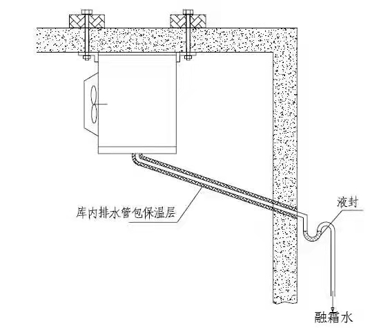 2、冷風機的排水管道通往冷庫外應有一定的坡度,使融霜水順利地排出庫外;
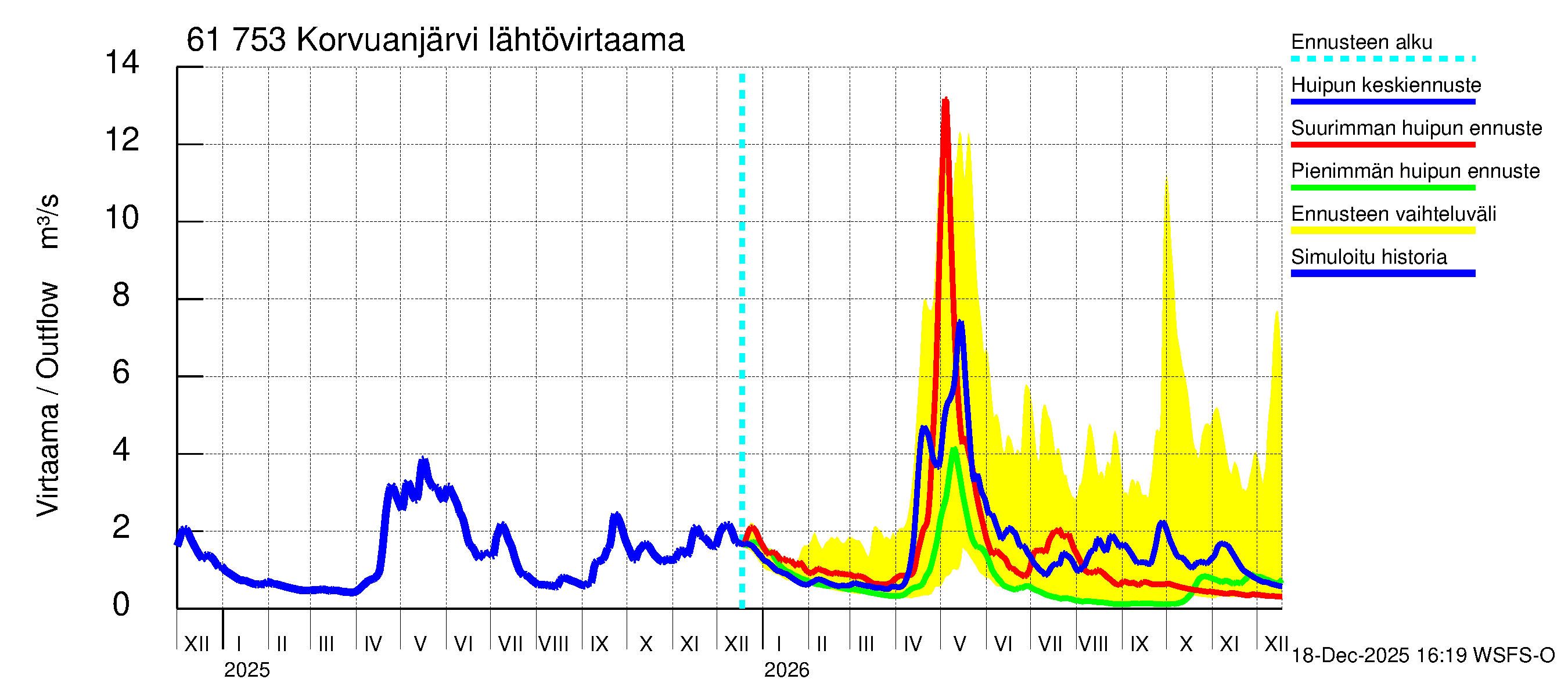 Iijoen vesistöalue - Korvuanjärvi: Lähtövirtaama / juoksutus - huippujen keski- ja ääriennusteet
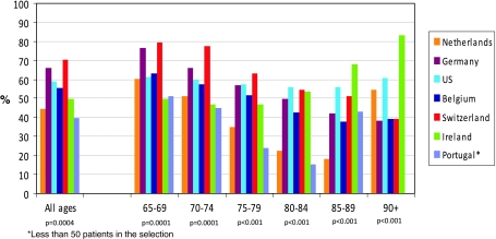Over 40% of breast cancer patients are diagnosed above the age of 65. Treatment of these elderly patients will probably vary over countries. The aim of this study was to make an international comparison (several European countries and the US) of surgical and radiation treatment for elderly women with early stage breast cancer. Survival comparisons were also made. Data were obtained from national or regional population-based registries in the Netherlands, Switzerland, Ireland, Belgium, Germany, and Portugal. For the US patients were selected from the Surveillance, Epidemiology, and End Results (SEER) database. Early stage breast cancer patients aged ≥ 65 diagnosed between 1995 and 2005 were included. An international comparison was made for breast and axillary surgery, radiotherapy after breast conserving surgery (BCS), and relative or cause-specific survival. Overall, 204.885 patients were included. The proportion of patients not receiving any surgery increased with age in many countries; however, differences between countries were large. In most countries more than half of all elderly patients received breast conserving surgery (BCS), with the highest percentage in Switzerland. The proportion of elderly patients that received radiotherapy after BCS decreased with age in all countries. Moreover, in all countries the proportion of patients who do not receive axillary surgery increased with age. No large differences in survival between countries were recorded. International comparisons of surgical treatment for elderly women with early stage breast cancer are scarce. This study showed large international differences in treatment of elderly early stage breast cancer patients, with the most striking result the large proportion of elderly who did not undergo surgery at all. Despite large treatment differences, survival does not seem to be affected in a major way.
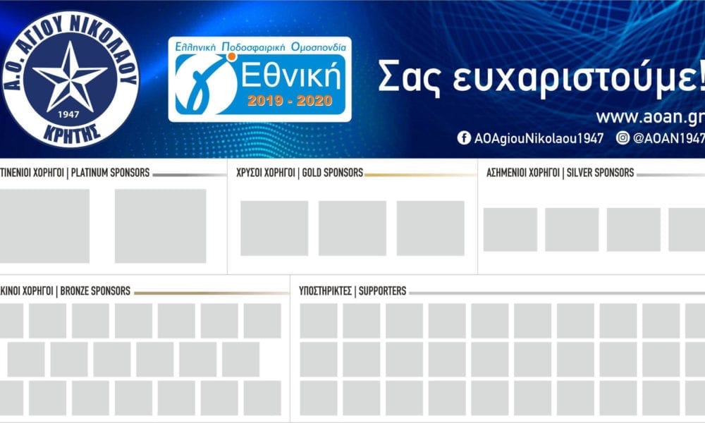 Δείτε το διαφημιστικό πλάνο-χορηγιών που παρουσία ο ΑΟΑΝ στην ιστοσελίδα του. Το κειμενο Κεντρικός χορηγός φανέλας στο μπροστά μέρος στο πρωτάθλημα της Γ’εθνικης κατηγορίας Κεντρικός χορηγός...

━━━━━━━━━━━━━━━━━━━━━━━━━━━━━━

Task brief
Please copy out each line above exactly as written, but not the pictures.

Result
 2、冷風機的排水管道通往冷庫外應有一定的坡度,使融霜水順利地排出庫外;
 Iijoen vesistöalue - Korvuanjärvi: Lähtövirtaama / juoksutus - huippujen keski- ja ääriennusteet
Over 40% of breast cancer patients are diagnosed above the age of 65. Treatment of these elderly patients will probably vary over countries. The aim of this study was to make an international comparison (several European countries and the US) of surgical and radiation treatment for elderly women with early stage breast cancer. Survival comparisons were also made. Data were obtained from national or regional population-based registries in the Netherlands, Switzerland, Ireland, Belgium, Germany, and Portugal. For the US patients were selected from the Surveillance, Epidemiology, and End Results (SEER) database. Early stage breast cancer patients aged ≥ 65 diagnosed between 1995 and 2005 were included. An international comparison was made for breast and axillary surgery, radiotherapy after breast conserving surgery (BCS), and relative or cause-specific survival. Overall, 204.885 patients were included. The proportion of patients not receiving any surgery increased with age in many countries; however, differences between countries were large. In most countries more than half of all elderly patients received breast conserving surgery (BCS), with the highest percentage in Switzerland. The proportion of elderly patients that received radiotherapy after BCS decreased with age in all countries. Moreover, in all countries the proportion of patients who do not receive axillary surgery increased with age. No large differences in survival between countries were recorded. International comparisons of surgical treatment for elderly women with early stage breast cancer are scarce. This study showed large international differences in treatment of elderly early stage breast cancer patients, with the most striking result the large proportion of elderly who did not undergo surgery at all. Despite large treatment differences, survival does not seem to be affected in a major way.
 Δείτε το διαφημιστικό πλάνο-χορηγιών που παρουσία ο ΑΟΑΝ στην ιστοσελίδα του. Το κειμενο Κεντρικός χορηγός φανέλας στο μπροστά μέρος στο πρωτάθλημα της Γ’εθνικης κατηγορίας Κεντρικός χορηγός...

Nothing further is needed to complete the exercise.